TASK ITEM: Restate every line of the material below word for word, skipping the images.

- Opening Delimiter -

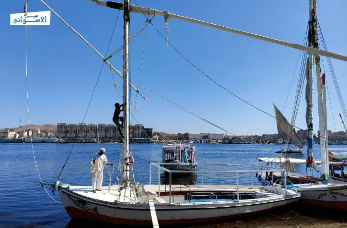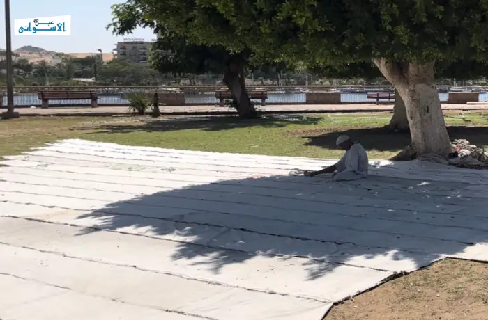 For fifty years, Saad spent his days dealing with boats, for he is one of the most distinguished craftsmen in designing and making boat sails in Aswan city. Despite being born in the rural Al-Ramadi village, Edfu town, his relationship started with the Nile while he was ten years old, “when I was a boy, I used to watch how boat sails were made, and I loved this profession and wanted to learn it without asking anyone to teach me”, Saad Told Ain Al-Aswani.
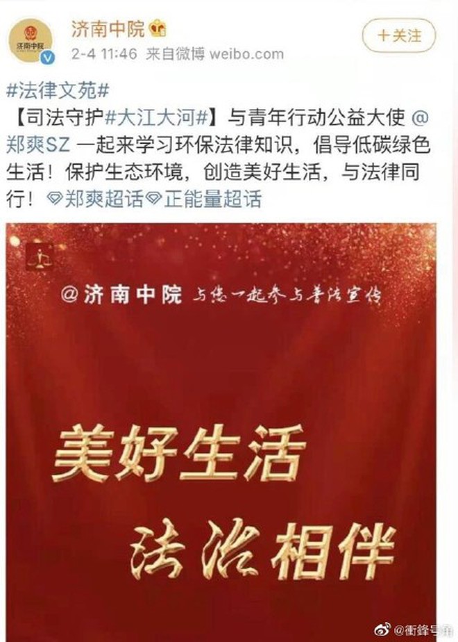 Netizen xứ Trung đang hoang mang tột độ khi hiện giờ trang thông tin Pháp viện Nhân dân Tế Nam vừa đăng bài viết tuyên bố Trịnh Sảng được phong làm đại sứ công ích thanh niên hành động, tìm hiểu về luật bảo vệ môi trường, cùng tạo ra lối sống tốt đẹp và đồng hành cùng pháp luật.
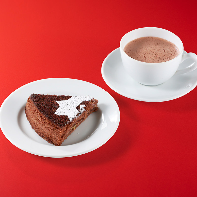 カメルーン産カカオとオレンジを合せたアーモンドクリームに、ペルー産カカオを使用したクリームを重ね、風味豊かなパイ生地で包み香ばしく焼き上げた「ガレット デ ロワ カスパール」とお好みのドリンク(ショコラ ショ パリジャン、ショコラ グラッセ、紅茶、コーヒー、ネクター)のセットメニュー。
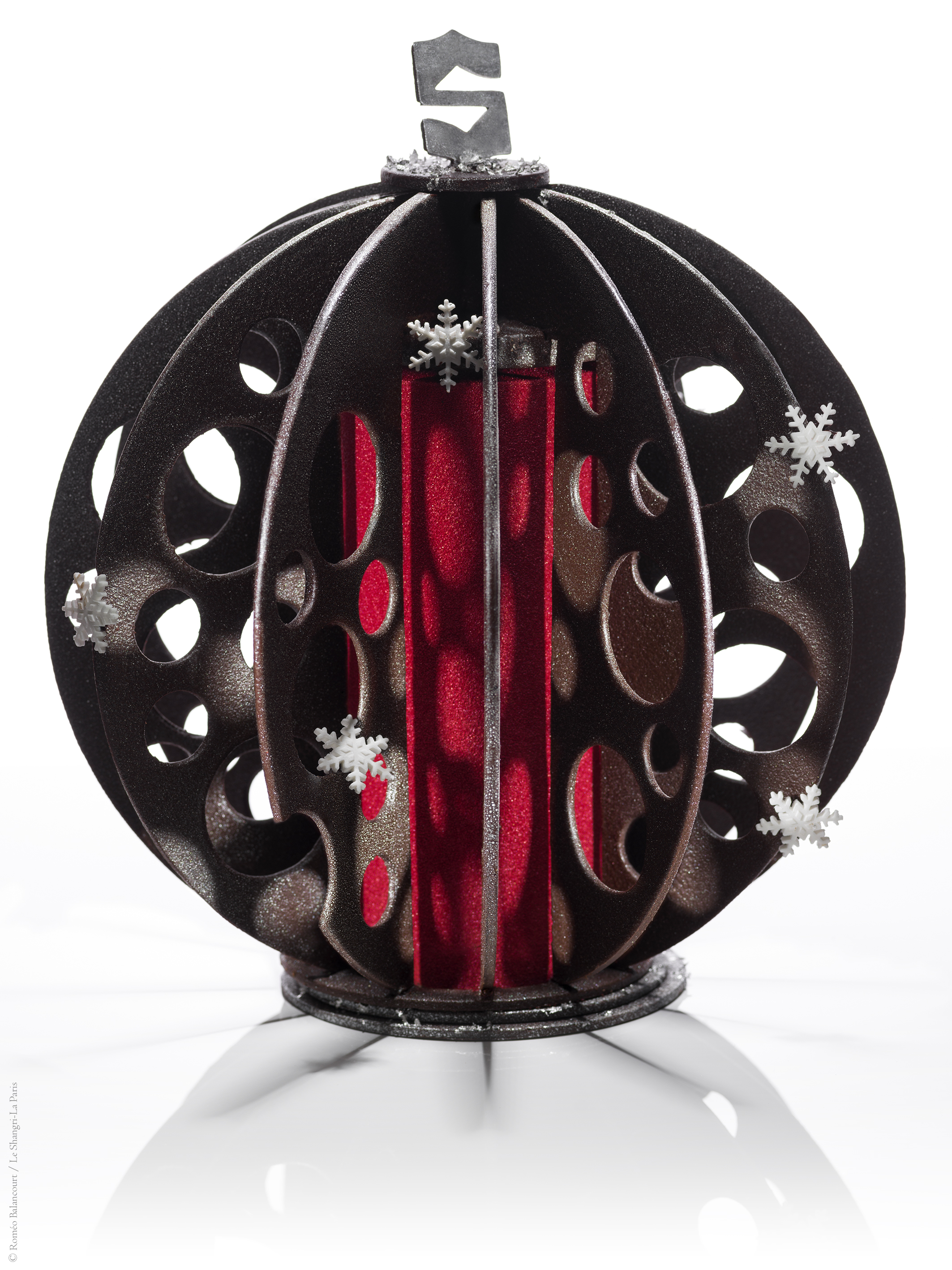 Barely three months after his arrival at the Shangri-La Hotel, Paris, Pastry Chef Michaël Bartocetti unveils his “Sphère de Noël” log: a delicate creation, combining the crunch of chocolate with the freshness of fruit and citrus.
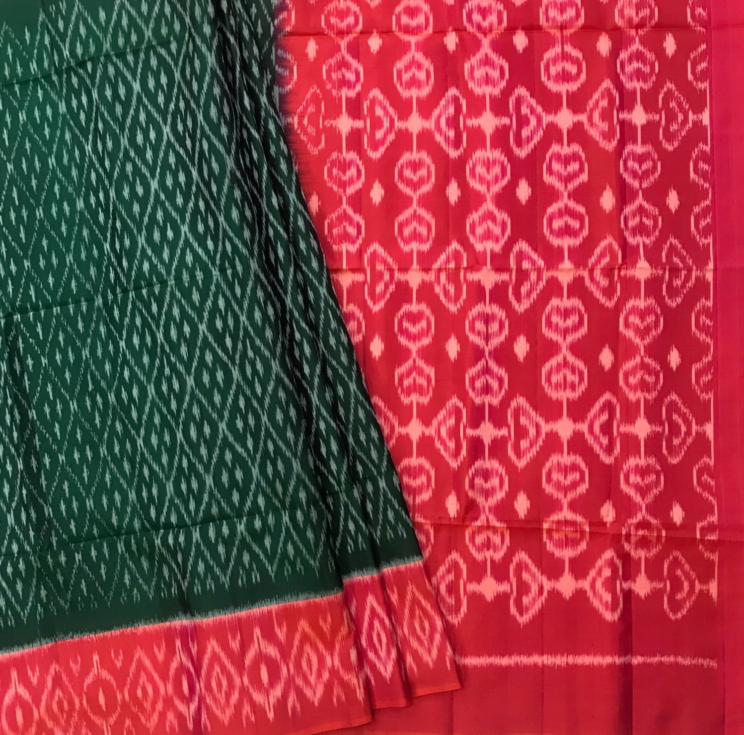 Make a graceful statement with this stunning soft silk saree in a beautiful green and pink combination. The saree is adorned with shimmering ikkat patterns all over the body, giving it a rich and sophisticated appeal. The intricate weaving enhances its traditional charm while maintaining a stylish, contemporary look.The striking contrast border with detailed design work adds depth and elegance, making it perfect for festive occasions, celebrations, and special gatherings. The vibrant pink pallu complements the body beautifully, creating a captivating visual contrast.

- Closing Delimiter -

OUTPUT FOR THIS TASK:
 For fifty years, Saad spent his days dealing with boats, for he is one of the most distinguished craftsmen in designing and making boat sails in Aswan city. Despite being born in the rural Al-Ramadi village, Edfu town, his relationship started with the Nile while he was ten years old, “when I was a boy, I used to watch how boat sails were made, and I loved this profession and wanted to learn it without asking anyone to teach me”, Saad Told Ain Al-Aswani.
 Netizen xứ Trung đang hoang mang tột độ khi hiện giờ trang thông tin Pháp viện Nhân dân Tế Nam vừa đăng bài viết tuyên bố Trịnh Sảng được phong làm đại sứ công ích thanh niên hành động, tìm hiểu về luật bảo vệ môi trường, cùng tạo ra lối sống tốt đẹp và đồng hành cùng pháp luật.
 カメルーン産カカオとオレンジを合せたアーモンドクリームに、ペルー産カカオを使用したクリームを重ね、風味豊かなパイ生地で包み香ばしく焼き上げた「ガレット デ ロワ カスパール」とお好みのドリンク(ショコラ ショ パリジャン、ショコラ グラッセ、紅茶、コーヒー、ネクター)のセットメニュー。
 Barely three months after his arrival at the Shangri-La Hotel, Paris, Pastry Chef Michaël Bartocetti unveils his “Sphère de Noël” log: a delicate creation, combining the crunch of chocolate with the freshness of fruit and citrus.
 Make a graceful statement with this stunning soft silk saree in a beautiful green and pink combination. The saree is adorned with shimmering ikkat patterns all over the body, giving it a rich and sophisticated appeal. The intricate weaving enhances its traditional charm while maintaining a stylish, contemporary look.The striking contrast border with detailed design work adds depth and elegance, making it perfect for festive occasions, celebrations, and special gatherings. The vibrant pink pallu complements the body beautifully, creating a captivating visual contrast.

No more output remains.